Yeovil Trades & Traders
Sir Ernest Willoughby petter
Engine & Aircraft Manufacturer
Ernest Willoughby Petter was born in Yeovil on 26 May 1873, the son of James Bazeley Petter and Charlotte Waddams née Branscombe. Ernest was the twin brother of Percival, known as Percy. His father was a successful ironmonger with a shop in the Borough, over which the family lived, as well as an ironfounder with a foundry in Hendford.
In the 1881 census James and Charlotte were living above the ironmongery shop in the Borough. By this time they had nine of their children living with them. James listed his occupation as Ironmonger (Master) and the four eldest boys were all ironmongers' apprentices - James JB aged 19, twins Ernest and Percival aged 17 and Hugh aged 16. The remaining children were all listed as scholars. Also living in was another apprentice as well as a cook, housemaid and nurse.
The twins were educated first in Sherborne, then at Yeovil Grammar School and finally at the age of fourteen both boys were sent to Mount Radford School in Exeter. In 1890 both Ernest and Percy left school to start their apprenticeship in their father's ironmongery and foundry business. While Percy entered the foundry to learn that side of the business, Ernest's abilities were inclined towards finance and accounting.
By 1892 the brothers had designed and produced a self-propelled oil engine and in 1895 they developed a new engine of one horse-power designed specifically to propel a 'horseless carriage'. They, together with their inventive Engineer and designer Ben Jacobs, produced the first motor car with an internal combustion engine to be made in the United Kingdom, using a converted four wheel Hill & Boll horse-drawn phaeton and a 3hp Petter horizontal oil engine. The vehicle was constructed at the carriage works of Hill and Boll in Park Street. It weighed 9cwt (457kg), including the 120lb (54kg) of the Petter engine with its flywheel and side bars, and had a top speed of 12 miles per hour.
In the late 1890's the Petters established the Yeovil Motor Car Co Ltd with the intent of manufacturing automobiles. Initially the company produced a small motor carriage for two but eventually twelve different models were designed and produced although sales did not meet the anticipated targets. In 1897 the Petters entered the 'Yeovil Car' for trials at Chelsea organised by the Engineer magazine with a thousand guinea first prize. However they failed to win the prize and also failed to achieve the commercial success they had hoped for with automobiles and consequently adapted their engines for agricultural and industrial use.

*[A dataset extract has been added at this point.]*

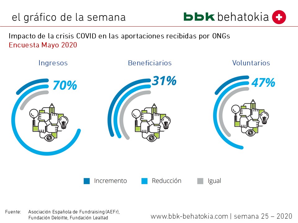 Azterketa horren ondorio nagusien artean, nabarmentzekoa da Espainiako irabazi-asmorik gabeko erakundeen %70ek aurreikusten duela diru-sarrerak murriztuko direla koronabirusak sortutako krisiaren ondoren; erakundeen %33k, berriz, onuradunen kopurua handitu du, eta, beraz, jardueraren gastuak ere bai. Hala ere, boluntarioen kopurua %47 murriztu da konfinamenduan.

In 1901 Ernest and Percy bought the business from their father following which they reorganised and renamed it as James B Petter & Sons with both the sons as joint managing directors. At this time their father, James, retired from business. Ernest and Percy concentrated their efforts in designing and building stationary and marine oil engines.
During the First World War the brothers set up Westland Ltd to produce military aircraft, which they continued to do after the war. In 1925 Ernest was on the board of directors of Nissen-Petren Houses Ltd which was a company set up to build economic and radical Nissen-Petren housing after the war.
Ernest wrote several pamphlets on industrial economics and was President of the British Engineers Association from 1923 to 1925. He was also a Member of Executive of the Federation of British Industries and Vice-President of the Institution of Mechanical Engineers. He was knighted in 1925.
Deeply interested in politics Ernest stood for Parliament several times, contesting Bristol North as a Conservative in 1918 and again in 1923, and as an Independent Conservative contesting St George’s, Westminster in 1931. He was unsuccessful in all three elections. In 1938 he retired, resigning as vice-chairman of Petters Ltd on the sale of the company to Brush Electrical Engineering. This same year he emigrated to Victoria, British Colombia, the westernmost province of Canada. He returned to live in England in early 1954 but died on 18 July 1954 at New Milton, Hampshire.
James Bazeley Petter (steering) sitting next to Herbert Southcombe, with twin sons Percy (left) and Ernest (right) in the rear seat, on one of their automobiles in a photograph of about 1897. Percy Petter later wrote in his memoirs "In those days the law required that every mechanically propelled vehicle should be proceeded by a man walking with a red flag, and, as the horses were quite unaccustomed to 'Horseless Carriages,' they usually took fright when they saw one coming, and this gave us a lot of trouble." Percy Petter later wrote in his memoirs "In those days the law required that every mechanically propelled vehicle should be proceeded by a man walking with a red flag, and, as the horses were quite unaccustomed to 'Horseless Carriages,' they usually took fright when they saw one coming, and this gave us a lot of trouble."
The Petter twins - Ernest at left and Percy at right - probably taken in the early 1950's.